▶ _Problem_
For this exercise, please return exactly the line containing "スナップエンドウ入りグリーン野菜の塩昆布サラダ" and each line after it through the end of the records, with no pictures included.

[Stored dataset items]
+ + + + +
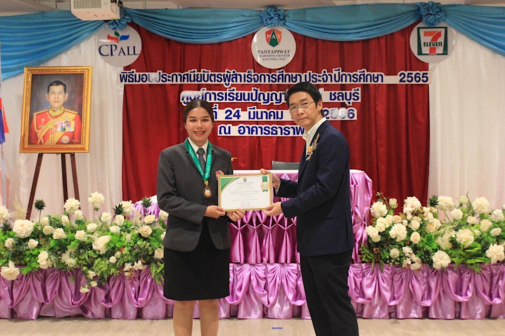 เมื่อเร็ว ๆ นี้  ศูนย์การเรียนปัญญาภิวัฒน์ ชลบุรี จัดพิธีมอบประกาศนียบัตร แก่ผู้สำเร็จการศึกษา ประจำปีการศึกษา 2565 โดยได้รับเกียรติจาก นายพิทยา นามบุญลือ ผู้อำนวยการสำนักงานเขตพื้นที่การศึกษา ประถมศึกษาชลบุรี เขต 3 เป็นประธานในพิธีมอบประกาศนียบัตร โดยมี คุณพรเทพ พลับนิ่ม ผู้อำนวยการศูนย์การเรียนปัญญาภิวัฒน์ คุณพงศ์วิจักขณ์ ตันประเสริฐ ผู้จัดการภาคการศึกษา  คณะครู บุคลากรศูนย์การเรียนปัญญาภิวัฒน์ ชลบุรี ร่วมในพิธี  พร้อมทั้งได้รับเกียรติจาก คุณธนากรณ์ ลีวัฒนกุล ผู้จัดการฝ่ายทรัพยากรบุคคลปฏิบัติการ บริษัท ซีพี ออลล์ จำกัด (มหาชน) ให้เกียรติมอบรางวัล “เพชรปัญญา” สำหรับนักเรียนที่มีผลการเรียนดี การจัดงานในครั้งนี้มีแขกผู้มีเกียรติ ผู้บริหารสถานศึกษาจากสำนักงานเขตพื้นที่การศึกษาประถมศึกษาชลบุรี เขต 3 ผู้บริหารบริษัท ซีพี ออลล์ จำกัด (มหาชน) ผู้บริหารจากวิทยาลัยเทคโนโลยีปัญญาภิวัฒน์และศูนย์การเรียนปัญญาภิวัฒน์ ตลอดจนผู้ปกครองเข้าร่วมแสดงความยินดีกับผู้สำเร็จการศึกษา ณ อาคารธาราพัทยา จังหวัดชลบุรี โดยขอให้นำวิชาความรู้ ทักษะและประสบการณ์จากการเรียนไปประกอบอาชีพด้วยความขยัน หมั่นเพียร มีความซื่อสัตย์สุจริต และประสบความสำเร็จในหน้าที่การงานต่อไป
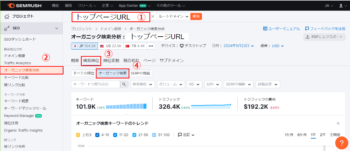 • ステップ④ 「オーガニック検索」というタブを選択。
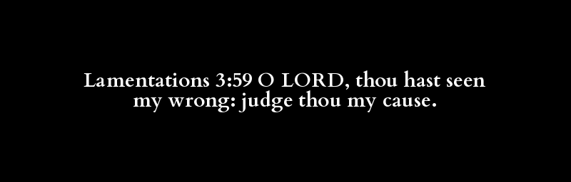 Lamentations 3:59 O LORD, thou hast seen my wrong: judge thou my cause.
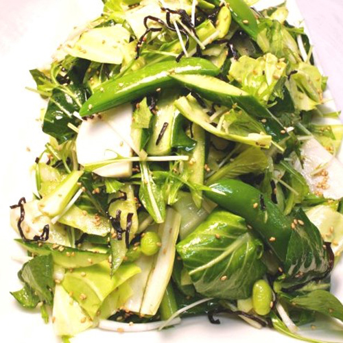 スナップエンドウ入りグリーン野菜の塩昆布サラダ
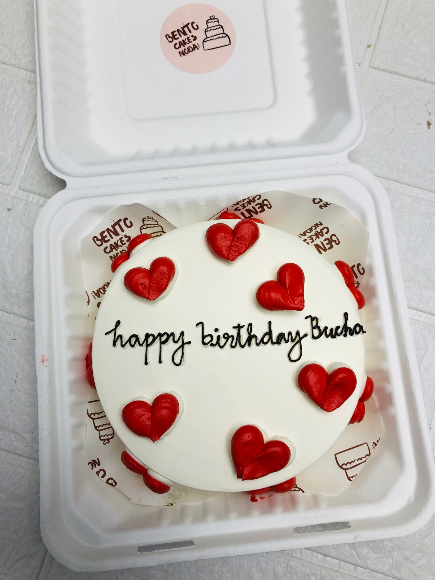 Celebrate Bucha’s birthday with this sweet and simple bento cake featuring a smooth white frosting base and evenly spaced red heart decorations across the top. The message “Happ...
+ + + + +
▶ _Output below_
 スナップエンドウ入りグリーン野菜の塩昆布サラダ
 Celebrate Bucha’s birthday with this sweet and simple bento cake featuring a smooth white frosting base and evenly spaced red heart decorations across the top. The message “Happ...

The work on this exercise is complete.